Puerto Rico is fighting against its creditors, well, negotiating with them and trying to get the best deal it can on paying back its over $72 billion dollars in debt. Some of this fight is public. The island’s governor has announced that Puerto Rico can’t pay it all back ( some disagree ), at least not as it’s currently structured, and that that both taxpayers and creditors will have to make sacrifices. Representatives of hedge funds holding Puerto Rico’s debt have sat down for negotiations. Some of the fight is being waged behind closed doors. Only some of the hedge funds holding Puerto Rico’s debt, including so-called “vulture” lenders, are publically named. It’s not just one loan; the debt is scattered across a number of lenders and Puerto Rican institutions.
Puerto Rico is not making payments on some loans. Last week, Puerto Rico’s Public Finance Corp. failed to pay its creditors, driving that that part of Puerto Rico’s debt toward default. Puerto Rico’s negotiators playing “hard to get” with it’s borrowers on other loans, trying to force deeper concessions. On Thursday, indebted Puerto Rico power utility Prepa rejected a debt restructuring program from its bond holders. As an army of lawyers an army of economists negotiate with mainland bondholders, it appears that Puerto Rico is going to war against its creditors, trying to force the best terms that it possibly can.

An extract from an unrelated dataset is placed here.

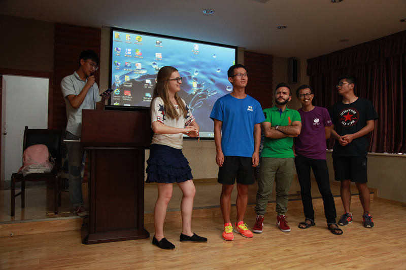 紧接着进行的是轻松而愉快的游戏环节,中外的同学都积极参与其中,现场充斥着一片欢声笑语,然后Leanne向大家介绍了自己印象最深刻的旅行。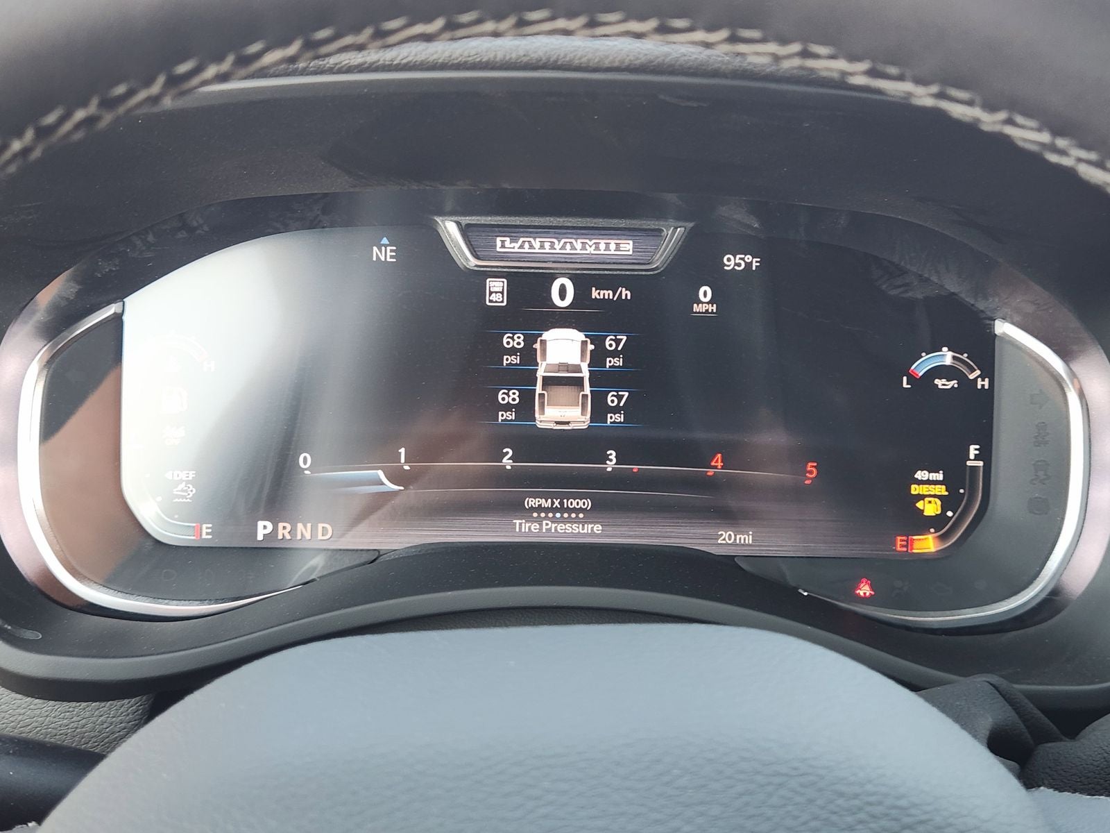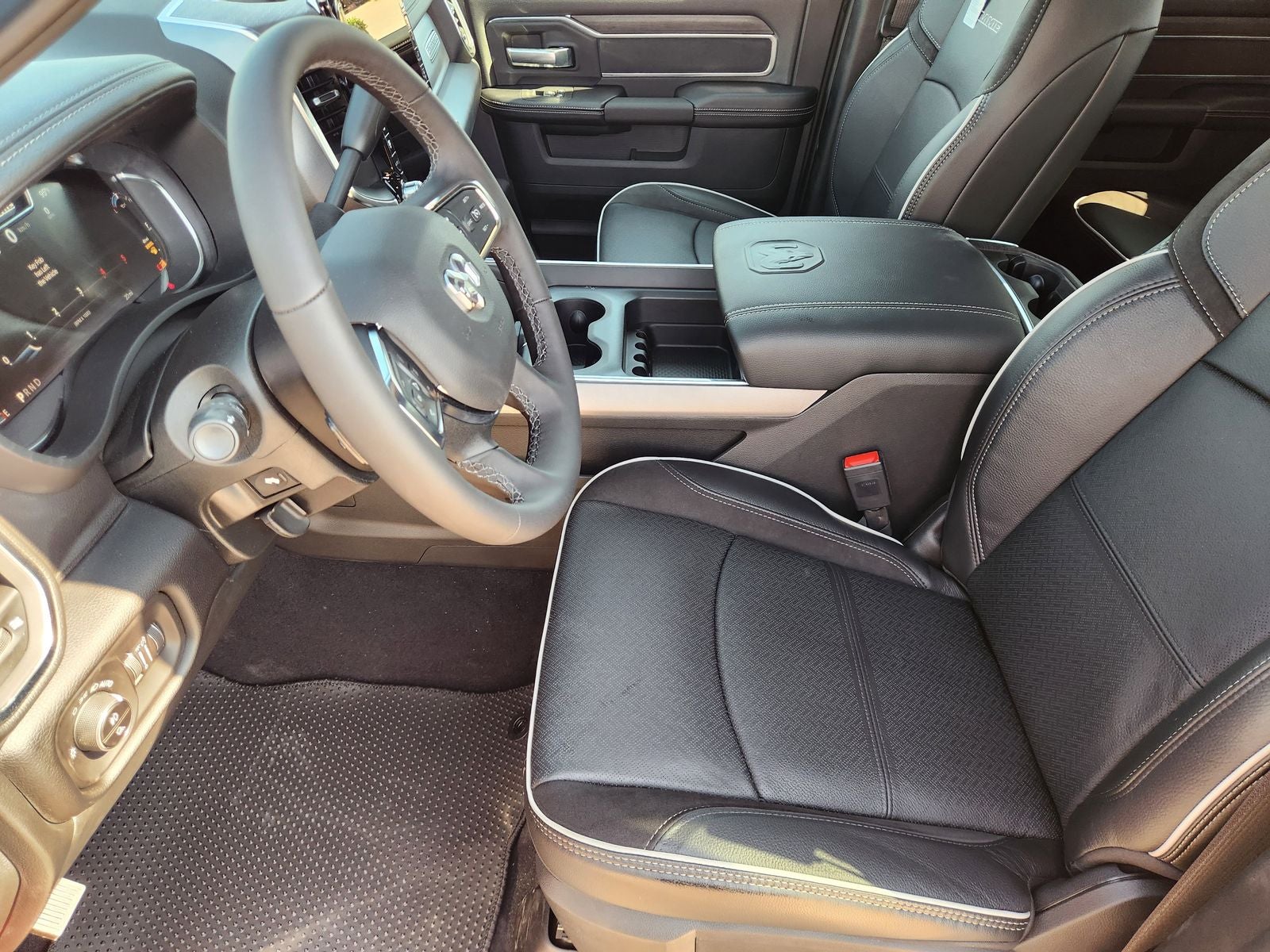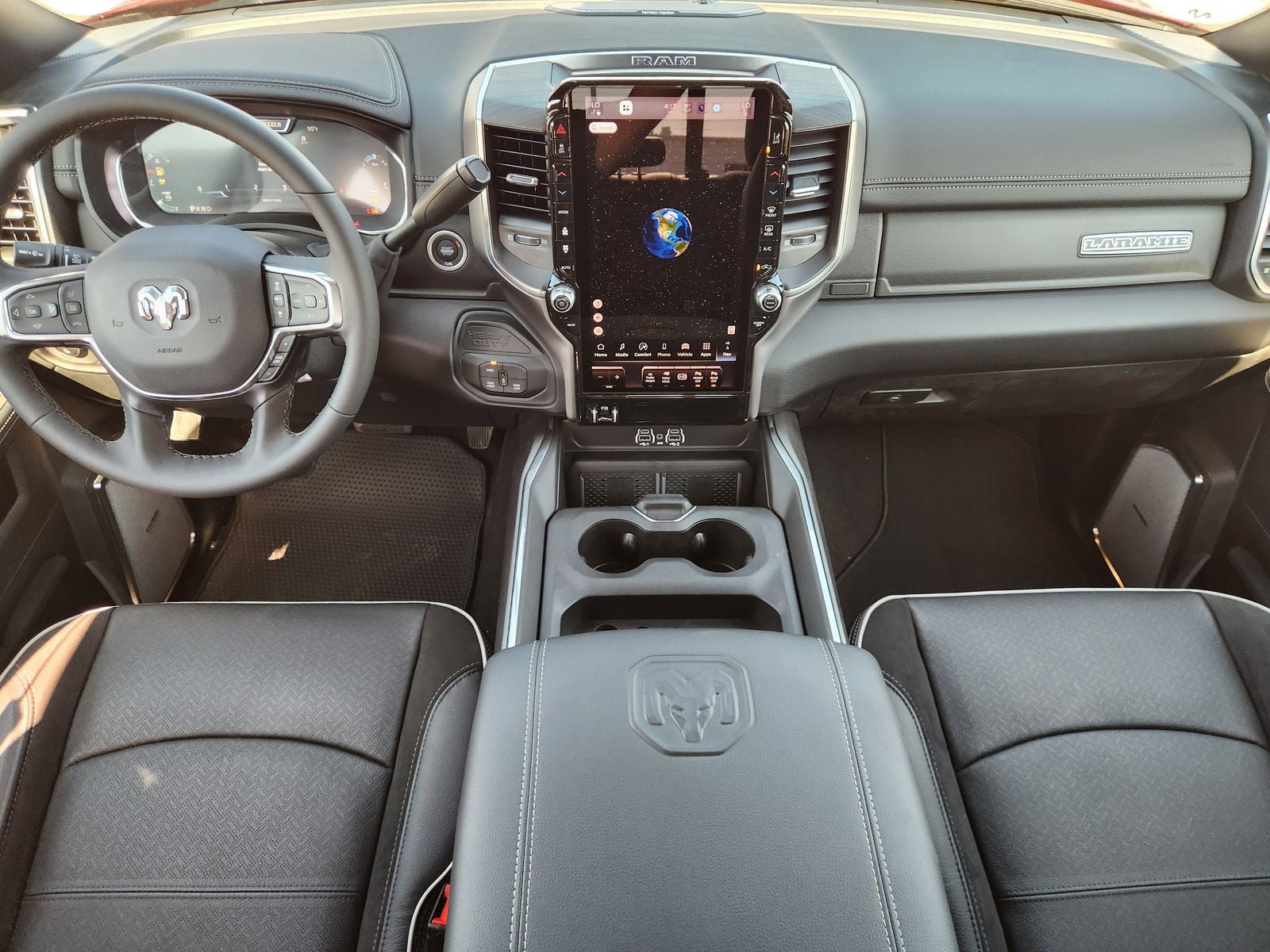 Beyond its impressive powertrain, this Laramie trim level pampers you with a wealth of premium features. The spacious cabin is outfitted with luxurious leather-trimmed bucket seats, a heated steering wheel, and a stunning 14.4 Uconnect 5 touchscreen display with navigation. Connectivity is seamless, thanks to Apple CarPlay, Android Auto, and a 4G LTE Wi-Fi hotspot.

Puerto Rico Has Some Bullets In Its Gun
To understand how Puerto Rico can negotiate with their creditors, we spoke with David Lemke of Waller, a Tennessee-based law firm that reached out to the Latin Times. Lemke knows what these negotiations are like. He represented trustees for holders of water and sewer bonds during Detroit’s bankruptcy in 2013, the largest municipal bankruptcy filing in history. Lemke says that his interest in Puerto Rico is purely academic; according to him neither him nor his firm represent any Puerto Rico bondholders as of press time. Lemke noted how much power Puerto Rico actually has in its negotiations.
Latin Times: Puerto Rico is lobbying congress for a bill that would allow it the same bankruptcy rights as states (it’s a territory). Would that solve the debt crisis?
David Lemke: If the bill that is currently pending is passed, it will permit the Commonwealth of Puerto Rico to authorize its municipalities and public corporations to seek relief under Chapter 9. The legislation will not, however, authorize the Commonwealth itself to file Chapter 9. Therefore, if Congress passes the law, Puerto Rico will not be able to use Chapter 9 to restructure any of its direct obligations, such as its General Obligation (GO) bonds.
LT: Assuming the bill passes, what else can Puerto Rico do?
DL: Puerto Rico, still has some bullets in its gun. First, it may have the practical reality that you can’t squeeze blood from a turnip. If it cannot increase revenues or reduce expenses, then creditors may not have much choice but to accept some kind of compromise.
LT: Puerto Rico’s bondholders can’t pull up in a truck and just repossess the islands assets…
DL: No, not really. Another “bullet” Puerto Rico has the threat of simply not paying and allowing the creditors to seek their remedies. There is a degree of uncertainty over what the creditors can do if Puerto Rico or one of its municipalities or public corporations stops paying. Those creditors who have revenue bonds (e.g., bonds specifically backed by pledged revenues) may have an easier time collecting on their claims.
LT: Did Puerto Rico just fire that “bullet” When the Public Finance Corp. missed a payment?
DL: Maybe, yes. It could be the beginning of the “we’re-just-not-going-to-pay-you” tactic. The deadline for an actual payment default is Aug. 1, and it doesn’t look like they can authorize payment with the legislature out of session until well past that date.
LT: But that’s just one part of a bunch of different corporations and debts. Can Puerto Rico create a policy of nonpayment? What would it look like?
DL: Puerto Rico could actually pass a law to provide from a temporary moratorium. It’s not a clear legal path, but there’s precedent and [favorable] some case law.